When NARTB moved to a 3,180 / 318 / 75 μs time-constant definition in 1953, what had changed? The primary sources suggest not that measurement technology had transformed, but that the industry had begun discussing the same problem in a different vocabulary.

1951 AES: "an impossible task"

In January 1951, the AES standardization committee explicitly abandoned the ambition of unifying the recording side and pivoted to fixing a playback standard instead:

"impossible task of achieving a universal recorded characteristic"

— Journal of the Audio Engineering Society, January 1951, pp.22-23

What AES described as the blocker was not measurement accuracy but the diversity of recording-side implementations itself. Structurally, it was the same problem NAB had faced in 1941.

1953 Moyer: "the obvious difficulty with a curve alone"
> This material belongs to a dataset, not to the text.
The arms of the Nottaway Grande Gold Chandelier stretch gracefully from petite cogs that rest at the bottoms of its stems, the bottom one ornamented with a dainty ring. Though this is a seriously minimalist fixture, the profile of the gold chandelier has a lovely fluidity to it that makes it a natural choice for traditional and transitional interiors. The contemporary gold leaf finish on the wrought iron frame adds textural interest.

In July 1953, Moyer, who worked on recording characteristics at RCA Victor under H. E. Roys, explained the motivation for moving to time-constant definitions in Audio Engineering:

"The obvious difficulty with a curve alone is that the true crossover frequency and pre-emphasis are usually obscured, making the design of suitable equalizers possible only by the cut and try method."
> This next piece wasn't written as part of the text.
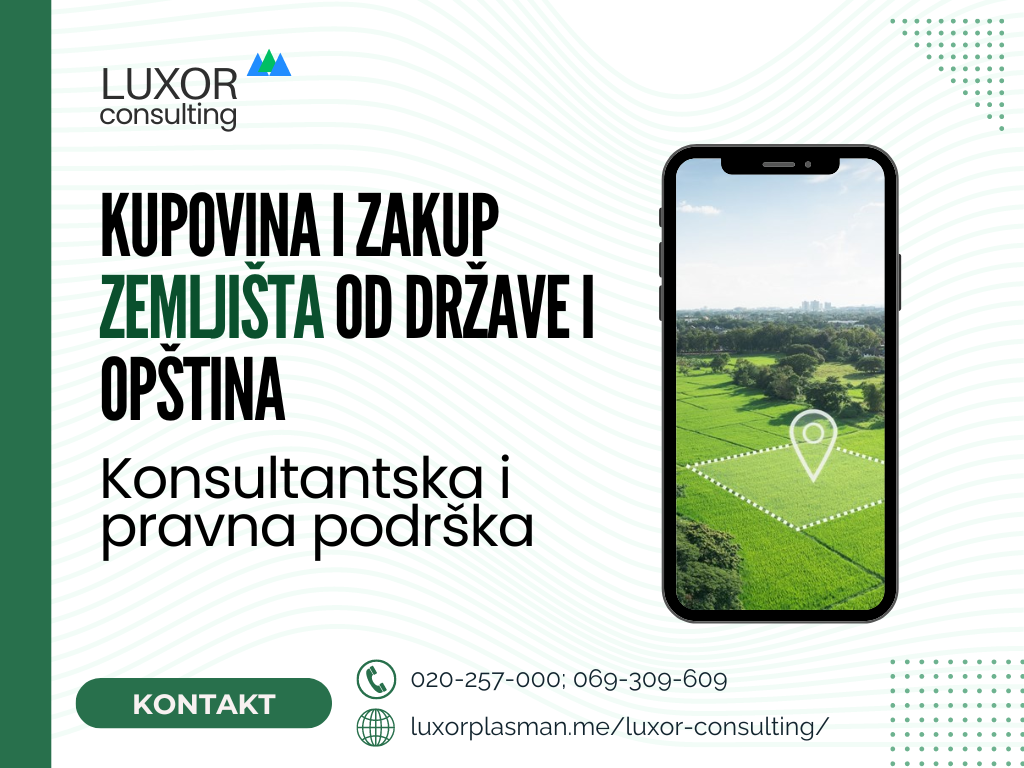 Treba Vam podrška za kupovinu ili zakup zemljišta od države ili opštine? Mi ćemo Vam pružiti profesionalnu i sveobuhvatnu uslugu koja podrazumijeva:

— Moyer, "Evolution of Disk Recording Characteristics," Audio Engineering, Vol.37 No.7, July 1953, p.22

Moyer's argument is not "we could not measure it" but "a graph alone is inconvenient for practical equalizer design." The motivation for the transition is design and communication ergonomics, not measurement precision.

Vocabulary first, numerical definition later

Between 1947 and 1953 the trade press kept circling the 100 μs overshoot problem, using microsecond values freely all along. Even while the standards documents were still in graph form, engineers were already thinking and speaking in time constants. What the 1953 NARTB and 1954 RIAA efforts actually did was not "introduce a new measurement technique" but bring the standards text up to the vocabulary the industry had already adopted in practice.

Summary

Reading the 1941–1955 primary sources as a whole, the reason the 1942 NAB standard was written as a graph with a ±2 dB tolerance comes out like this:

1. U.S. broadcasters were living through a "proliferation era" with as many as ten different equalizer settings in use — NAB Reports 1941/6/13.
2. The committee's charge was "minimum adjustments on the reproducing side," not "find the one true ideal curve" — NAB Reports 1941/7/18.
3. Smeby himself openly acknowledged the diversity of existing implementations — Proc. IRE August 1942.
4. The recording frequency standard was explicitly called a "highly controversial subject," and the ±2 dB tolerance was the envelope wide enough to reach consensus on it — NAB Reports 1941/10/31, Handbook 1945 §21.1 Figure legends.
5. The November 1945 Chinn Glossary, the field's shared vocabulary, contains no microsecond values at all. The time-constant idiom enters the discourse from 1947 onward — Chinn, Proc. IRE November 1945.
6. AES called unifying the recording side "impossible" in 1951; Moyer explained the 1953 shift to time constants as a matter of design convenience, not measurement — both are about ergonomics, not accuracy.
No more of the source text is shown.